The development community needs to step up efforts to feed and nourish the more than 690 million people who are hungry today – and the additional 2 billion people the world will have by 2050.  The UN Food Systems Summit 2021 and the High Level Political Platform on Sustainable Development provide an opportunity to emphasize the role that resilient agri-food systems play in contributing to sustainable solutions to food crises. This calls for strong innovative, transdisciplinary partnerships that can deliver game changing solutions to feed and nourish the world.
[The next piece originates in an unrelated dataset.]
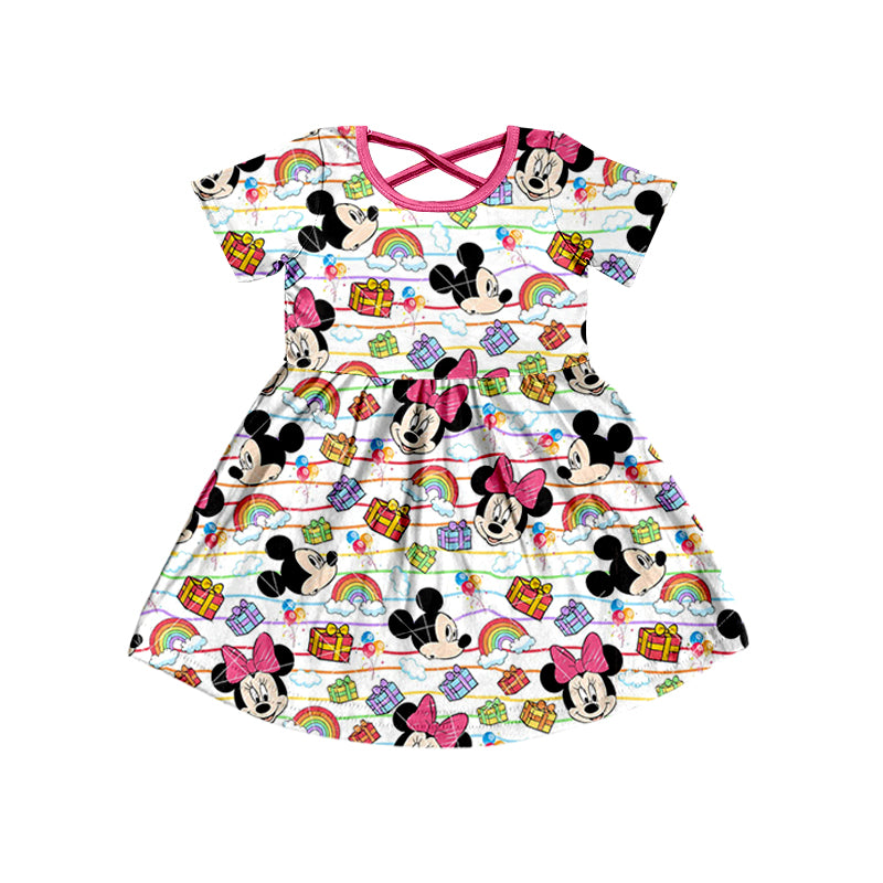 Baby Girls Cartoon Present Short Sleeve Knee Length Dresses Preorder(moq 5)

The recently released Global Report on Food Crises 2021  sounds alarm bells and points to an increase in the number of people facing acute food insecurity and requiring urgent food, nutrition and livelihoods assistance. According to the report, the magnitude and severity of food crises worsened in 2020 as protracted conflict, the economic fallout of COVID-19 and weather extremes intensified pre-existing weaknesses.
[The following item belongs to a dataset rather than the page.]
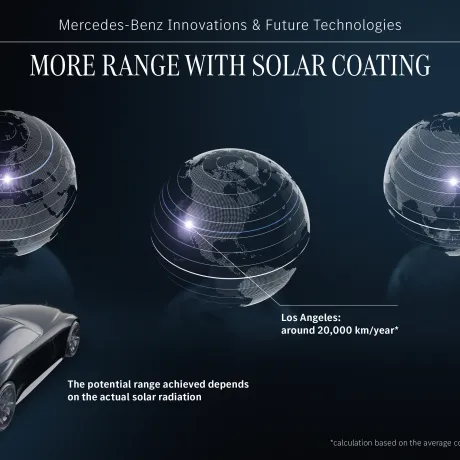 A Mercedes-Benz está desenvolvendo módulos solares inovadores que podem ser aplicados de forma contínua à carroceria de veículos elétricos, em uma pasta ultrafina. A superfície fotovoltaica ativa é adaptável a diversos substratos. Quando instalada em toda a área do Vision Iconic, é possível captar energia solar extra, dependendo da localização e das condições locais. Por exemplo, uma área de 11 metros quadrados (equivalente à de um SUV médio) poderia gerar energia suficiente para até 12.000 quilômetros por ano em condições ideais. O revestimento não contém terras raras nem silício, é facilmente reciclável e possui alta eficiência de 20%, produzindo energia continuamente, mesmo com o veículo desligado.

At least 155 million people were acutely food insecure and in need of urgent assistance or equivalent in 2020 in 55 countries/territories that asked for external assistance – the highest level in five years of report. This represents an increase of nearly 20 million people since 2019, when almost 135 million people were in crisis. Most people in these dire circumstances were in Afghanistan, the Democratic Republic of the Congo, the Sudan and Yemen – with at least 2 million people in Emergency (IPC Phase 4) in each country. 

The findings of the fifth edition of the Global Report on Food Crisis make a grim reading, according to the United Nations Secretary-General, António Guterres.

With the COVID-19 pandemic still not under control, many households will face reduced incomes associated with limited labour wage opportunities and delays in payment of government employee salaries. If there is no improvement, the economic consequences may become more severe as the year progresses. 

Now is the moment for interventions that will help those truly most left behind.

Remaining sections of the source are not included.